-------- Task material --------

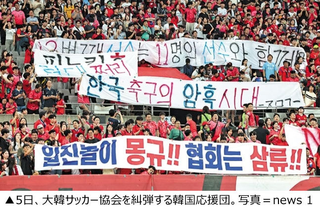【写真】ホーム試合で大韓サッカー協会を糾弾する韓国応援団
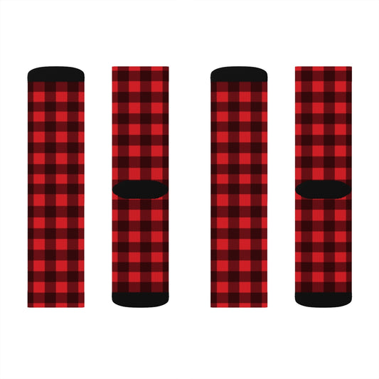 Buffalo Plaid Socks, 3D Printed Sublimation Red black Check Lumberjack Women Men Fun Cool Funky Casual Cute Unique Socks
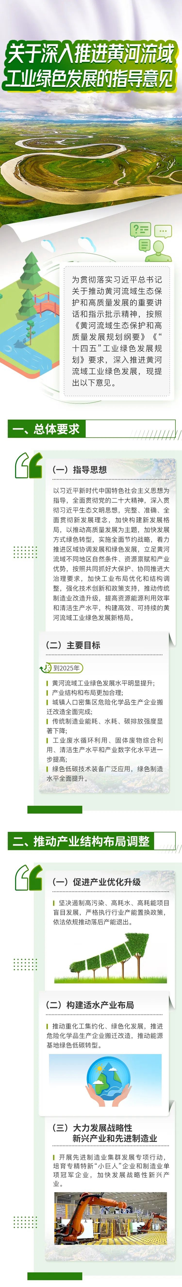 為貫徹落實習近平總書記關于推動黃河流域生態(tài)保護和高質量發(fā)展的重要講話和指示批示精神,按照《黃河流域生態(tài)保護和高質量發(fā)展規(guī)劃綱要》《“十四五”工業(yè)綠色發(fā)展規(guī)劃》要求,深入推進黃河流域工業(yè)綠色發(fā)展,現(xiàn)提出以下意見。
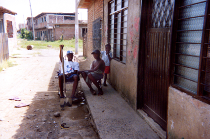 Plano general. En la imagen se puede apreciar tres jóvenes posando para la cámara. Al extremo derecho la fachada de una vivienda, con muros de ladrillo a la vista. Al fondo algunas edificaciones.
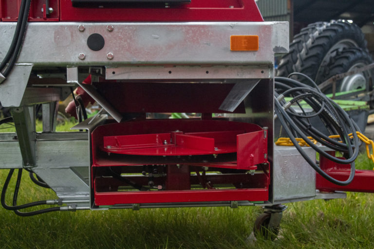 - Regelbare snelheden van de bodemketting en de strooiunit, vanuit de trekker
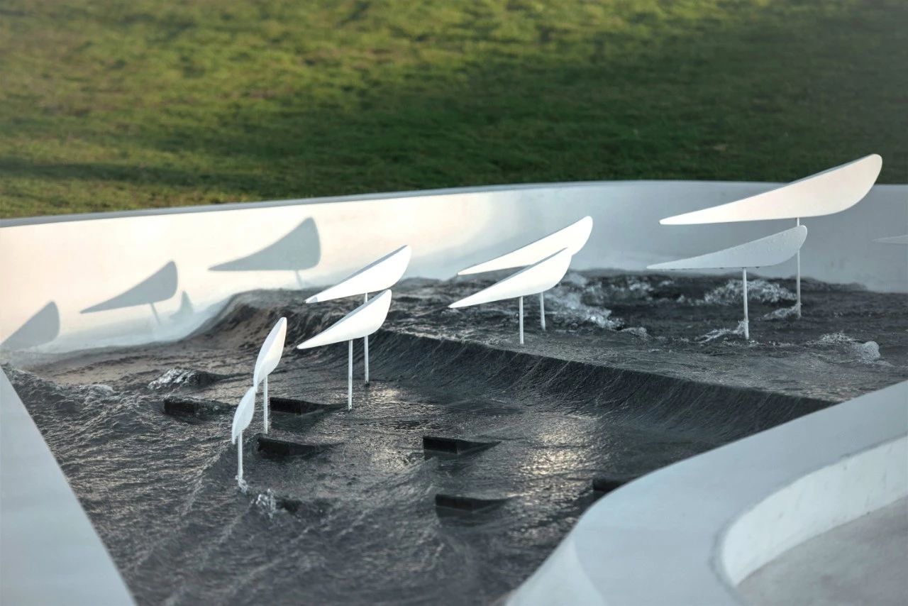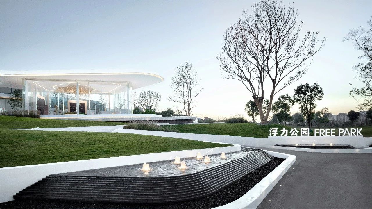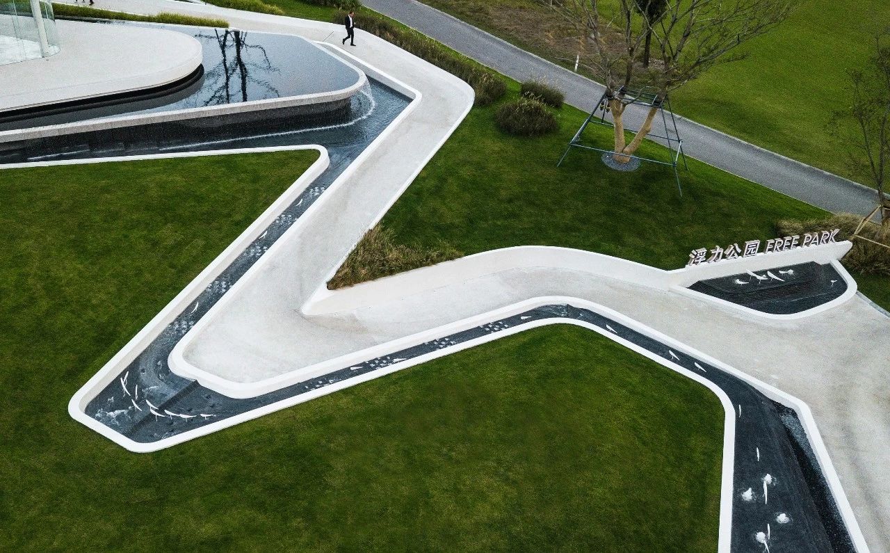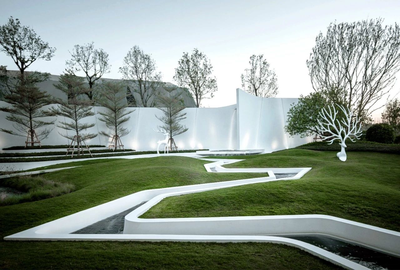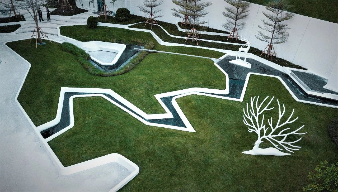 尋溪而上,一路流水潺潺,抽象形態(tài)的魚兒雕塑穿梭著,現(xiàn)代美感呼之欲出。

--------

> Work item
Your output should be the lines from the one with "Plano general. En" through the end of the listing, copied exactly and with the pictures left out.

> Completed exercise
 Plano general. En la imagen se puede apreciar tres jóvenes posando para la cámara. Al extremo derecho la fachada de una vivienda, con muros de ladrillo a la vista. Al fondo algunas edificaciones.
 - Regelbare snelheden van de bodemketting en de strooiunit, vanuit de trekker
 尋溪而上,一路流水潺潺,抽象形態(tài)的魚兒雕塑穿梭著,現(xiàn)代美感呼之欲出。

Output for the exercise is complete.